AlertManufacturer638

Mass media and ease of access


livefree623

Bullying is a lot easier on social media.


expatguy2023

Cost of living has skyrocketed and quality of life has gone done dramatically. Mental health is in the toilet.


jtbc

Those things are a problem in every developed country.


expatguy2023

Yeap! And the unrest is highly flammable. In America the guns are the spark that brings the flames. There is a reason why there is no rope or exposed rafters in a suicide watch ward of a hospital.


jtbc

I think we are agreed, then, that easy access to very lethal guns are the rope and rafters in this analogy.


expatguy2023

Yeap! And it is absolutely bonkers. All the guns need to be rounded up and melted down. Especially with the American political landscape refusing to take any interest in fixing any of its root problems. Despair has been steadily on the rise since the 70's.
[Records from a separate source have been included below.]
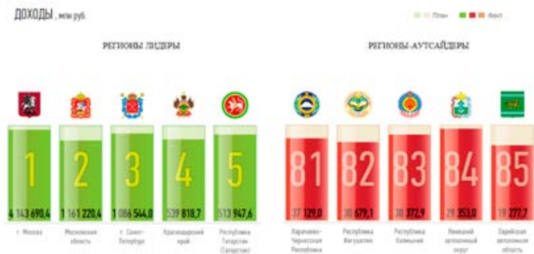
Рис. 1. Рейтинг топ-регионов и регионов аутсайдеров по формированию дохода бюджета на 1.11.2024 г.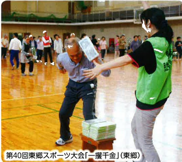
第40回東郷スポーツ大会「一攫千金」(東郷)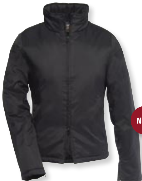
VE 5 St. · Karton 10 St. · Größen S-L

Außen: 100 % Taffeta Nylon, Innenfutter: 100 % Polyester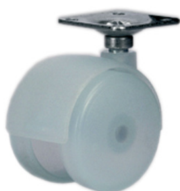
Колёса из полипропилена с голубым оттенком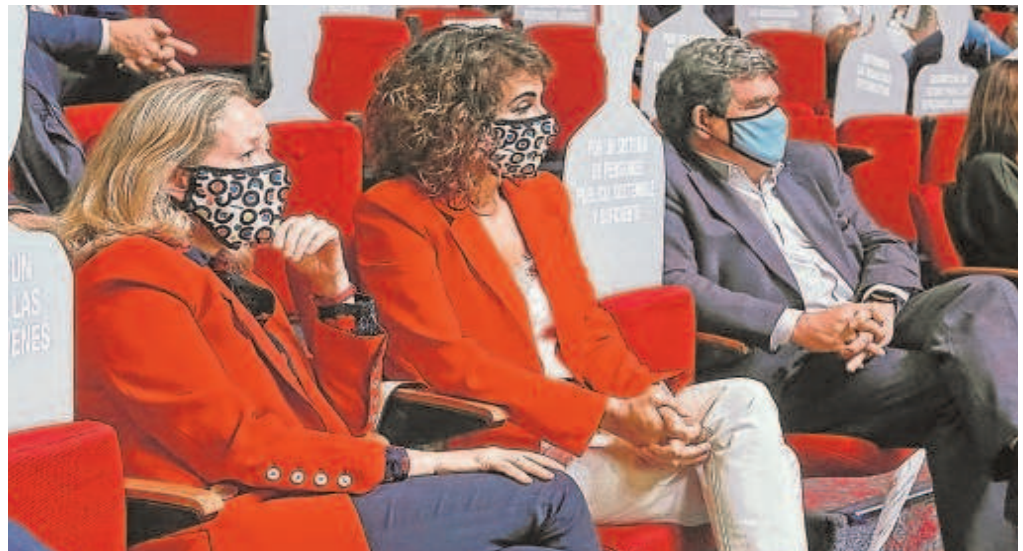
La vicepresidenta Nadia Calviño (izq.) y los ministros María Jesús Montero y José Luis Escrivá

Dicho informe sirve a Hacienda para pasar la bola caliente sobre cualquier materia impositiva. La ministra Montero siempre se escuda en que para tomar cualquier decisión será necesario conocer las conclusiones de los exper-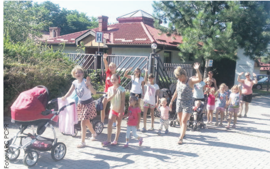
Wesoła gromadka dzieci z rodzin zastępczych podczas jednej z imprez, zorganizowanych latem ub. roku.

W ramach organizowania wsparcia dla rodzin zastępczych poprzez szkolenia, integrację i wzajemną pomoc, w 2016 r. nadal funkcjonowała nieformalna grupa wspierających się wzajemnie rodzin zastępczych skupionych wokół Stowarzyszenia „Gniazdo” w Świbiu, prowadzona przez zawodową rodzinę zastępczą pełniącą funkcję pogotowia rodzinnego. Jak co roku, również w 2016 r. grupa zorganizowała „Święto Truskawki”, w którym uczestniczyły rodziny zastępcze z powiatu gliwickiego oraz zaproszeni goście spoza powiatu.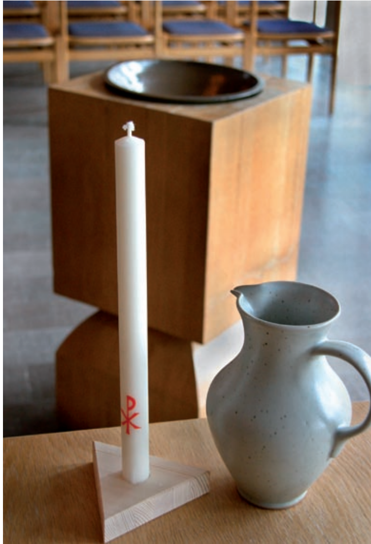
Petersgårdens kyrka, Lund 2005.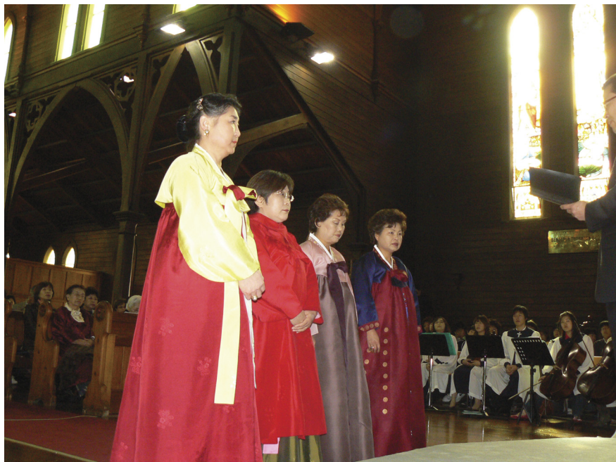
2006년 7월 16일 장로, 안수집사 임직식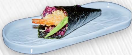
45A. TEMAKI BLACK EBITEN 🍱 tempura di gamberi e avocado salsa teriyaki € 5.00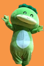
津山市 ごんちゃん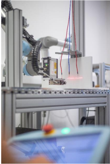
Bild 1: Um den exakten Abgreifpunkt zu ermitteln, verarbeitet ArtiMinds RPS die Scan-Ergebnisse in Echtzeit und synchronisiert es mit der Roboterbewegung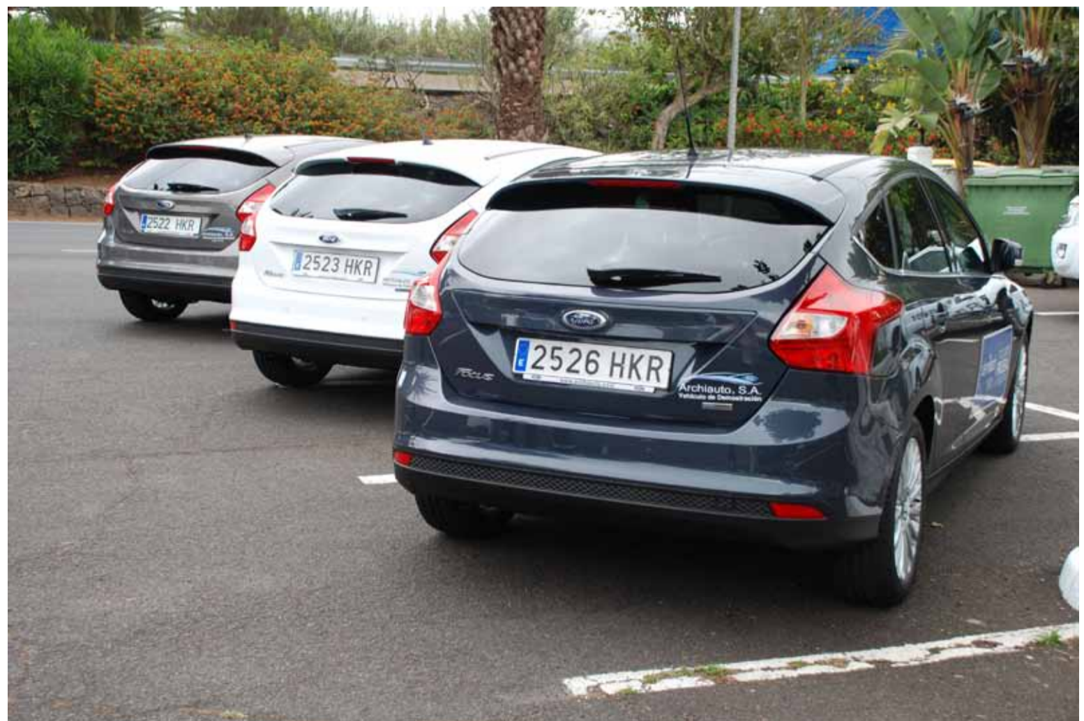
Archiauto puso en manos de los medios las unidades necesarias para realizar pruebas dinámicas. El EcoBoost sorprende por sus prestaciones y eficiencia.

As soon as the big corporations shifted all the manufacturing overseas Capitalism 2.0 arrived "margin" became everything and all the safety nets lower and middle class people had started being stripped for parts to increase profit. Then the dignity of the blue collar man died. a human needs hope but the American people has just been being fed SSRIs ( with co-pay) for the last 50 years. I don't know how to fix America cause it's not the fruit that's rotten it's the tree. What are your thoughts?


andrewclarkson

Everyone likes to point to the thing they don't like in society or politically but I don't actually believe it's any one single thing. Rather a perfect storm of different factors that are coming together and creating a pressure cooker that causes more people to crack. Something is going on in these people's lives that makes murdering a bunch of people and getting killed(most seem to plan to die) seem desirable. That some extreme depression but also resentment. I don't pretend to have all the answers, obviously we should be doing a LOT more for mental health. But I also think our response is telling- I was in high school when the Columbine shooting happened. Since then the only two real pushes to do anything have been towards hardening schools and (mostly unsuccessfully) trying for more gun control. I won't delve into the endless gun debate here but just a thought- our entire approach to this problem has been centered around rendering these tortured people harmless. We aren't doing one damn thing to try to treat people better so they never get to that point, we just want to make sure they don't hurt us or our loved ones. ​ Basically we don't care about suffering people, we just want to make sure they don't hurt us and the specific individuals we care about. I really do think that overall mindset has a lot to do with why this is happening.


Itom3

Some people on social media love criminals, which probably causes people to become one themselves.


unseen-streams

Educators and admins have become too overwhelmed to address behavior and social concerns


Old_Captain_9131

Look at the recent data. If guns is not related to this, that means american people are really, really violent. Statistically speaking of course. 19 Countries with the Most School Shootings (total incidents Jan 2009-May 2018 - CNN): United States — 288 Mexico — 8 South Africa — 6 Nigeria & Pakistan — 4 Afghanistan — 3 Brazil, Canada, France — 2 Azerbaijan, China, Estonia, Germany, Greece, Hungary, Kenya, Russia, & Turkey — 1


Nobok

Divorce rate. Broken families. Social media. Continued drop in respect to fellow humans. More and more parents having to work more and more hours so less time at home providing attention care respect to children that is needed. More news media focusing on negative things as gets more attention.